**WORK ITEM:** Would you return the data below exactly as it stands, with every picture left out?

**EXERCISE DATA:**
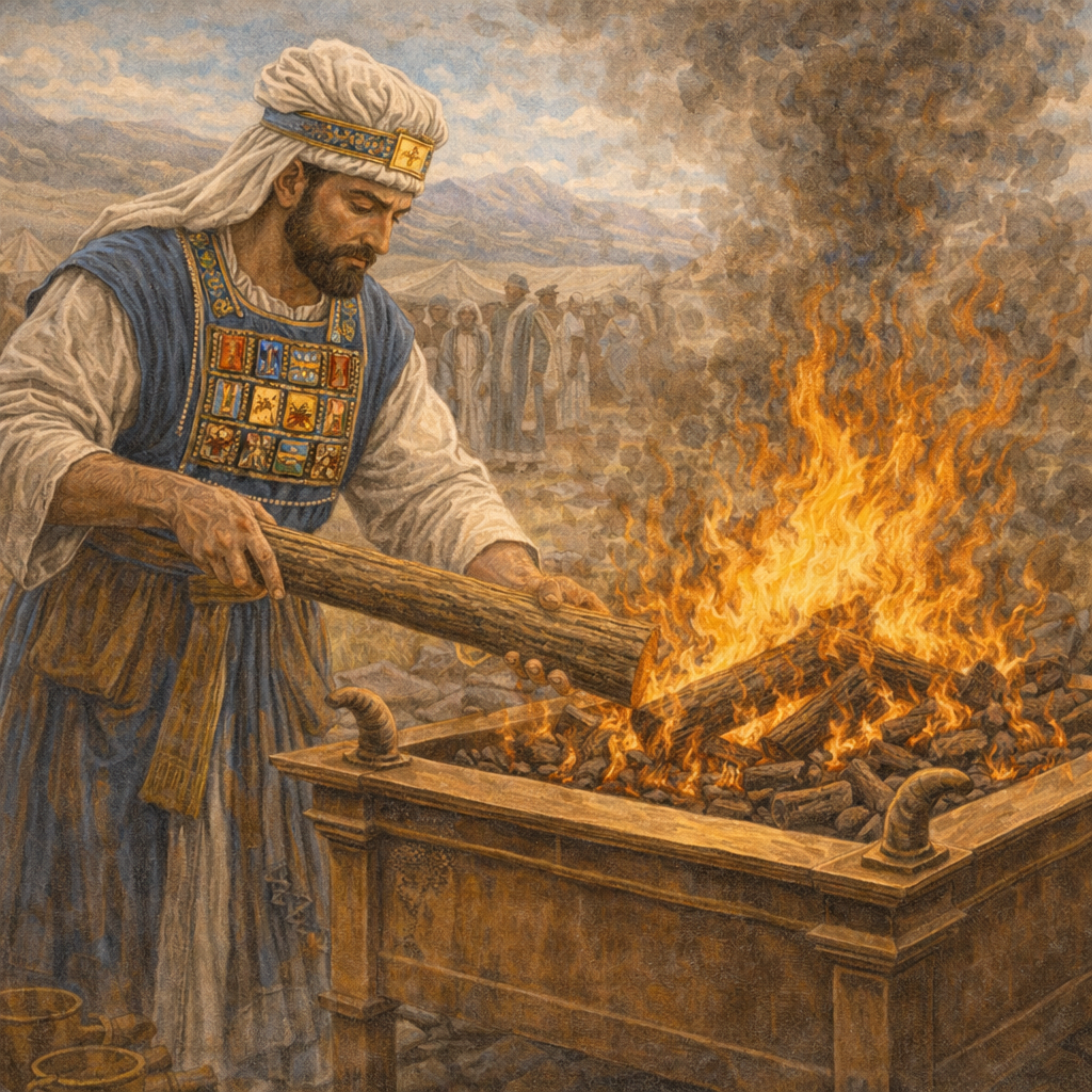 "Toto je zákon zápalnej obete... Oheň na oltári bude na ňom horieť, nevyhasne. Kňaz bude na ňom každé ráno zapaľovať drevo... Oheň bude na oltári neustále horieť, nevyhasne." (Leviticus 6:2–6)
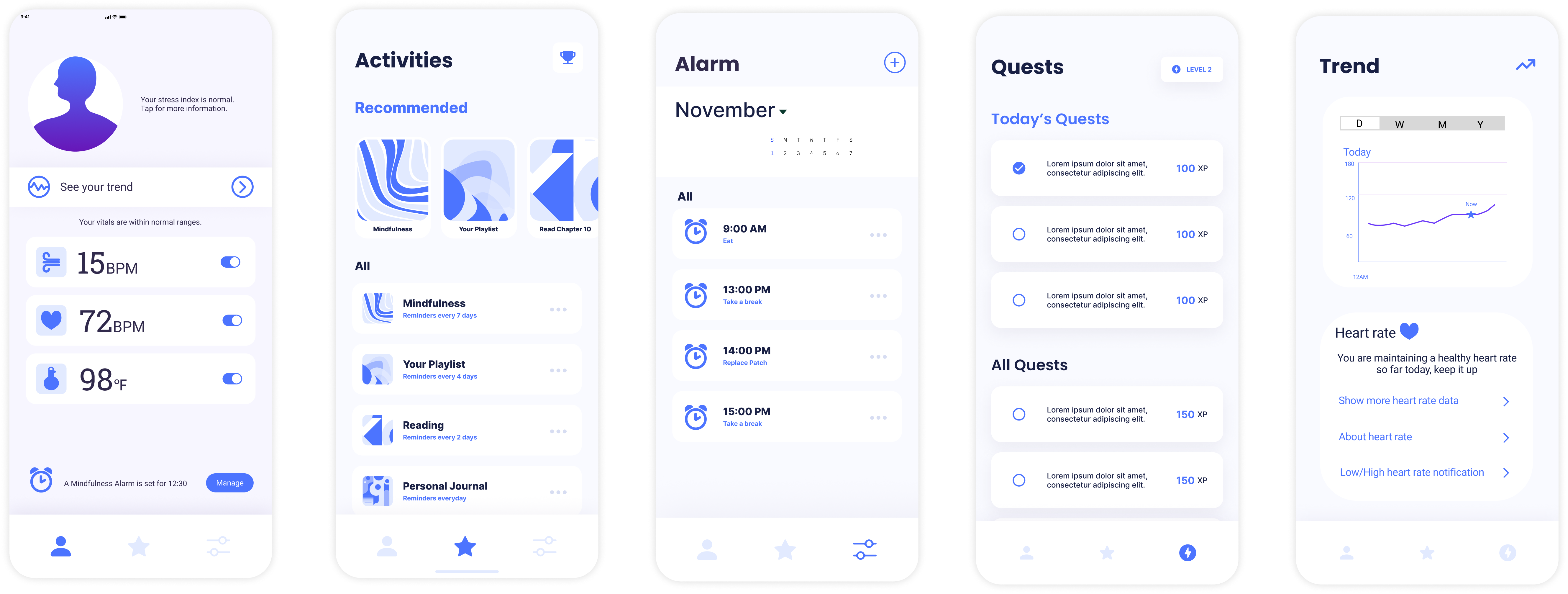 The Patch is a lightweight wearable containing a smart sensory chip that measures key physiological indicators and visualizes both current readings and potential symptoms. Complementing this, the Mindfulness Alarm app provides responsive notifications that prompt users to check in with their mental state and offers tailored suggestions to support emotional well-being.
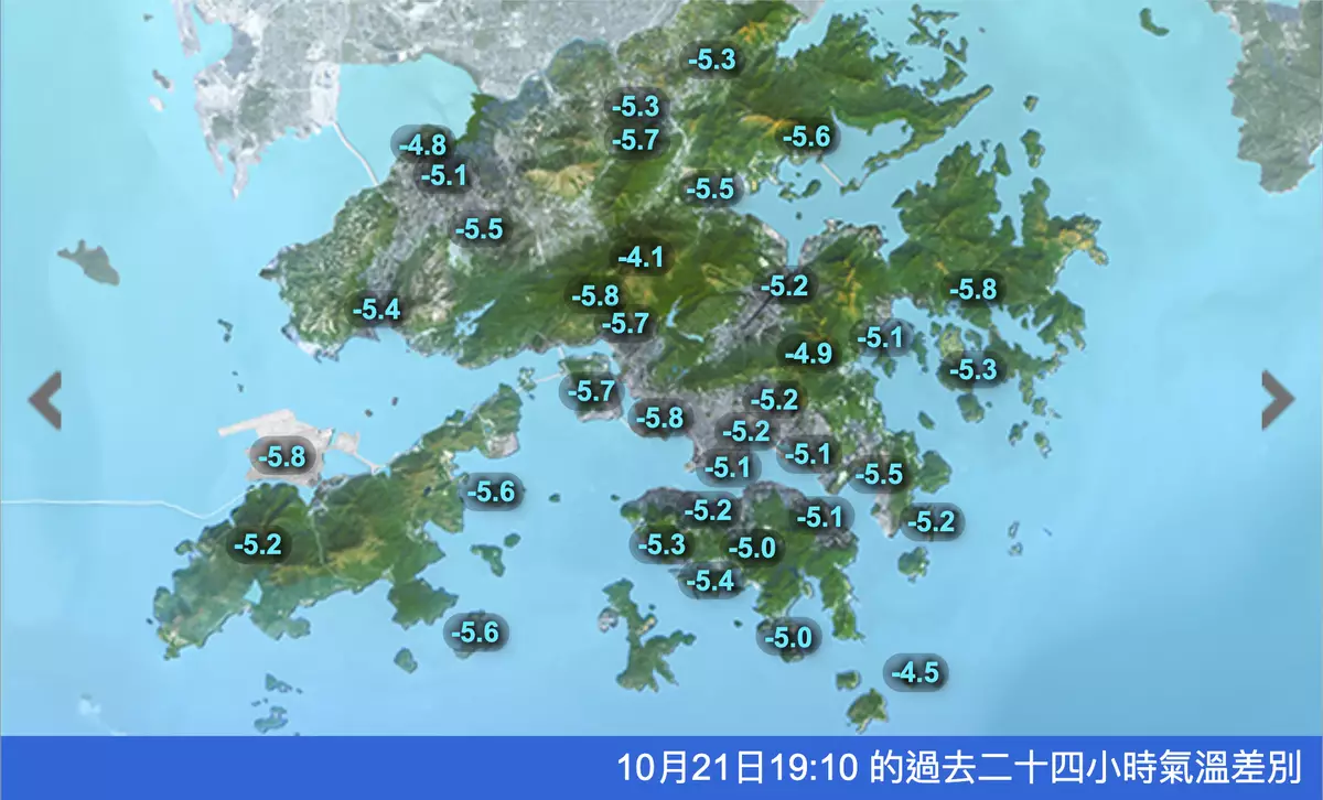 受風神的外圍雨帶及東北季候風影響,本港氣溫正逐步下降,星期三早市區最低氣溫約19度,新界再低兩三度。日間最高氣溫約22度。

**ANSWER AREA:**
 "Toto je zákon zápalnej obete... Oheň na oltári bude na ňom horieť, nevyhasne. Kňaz bude na ňom každé ráno zapaľovať drevo... Oheň bude na oltári neustále horieť, nevyhasne." (Leviticus 6:2–6)
 The Patch is a lightweight wearable containing a smart sensory chip that measures key physiological indicators and visualizes both current readings and potential symptoms. Complementing this, the Mindfulness Alarm app provides responsive notifications that prompt users to check in with their mental state and offers tailored suggestions to support emotional well-being.
 受風神的外圍雨帶及東北季候風影響,本港氣溫正逐步下降,星期三早市區最低氣溫約19度,新界再低兩三度。日間最高氣溫約22度。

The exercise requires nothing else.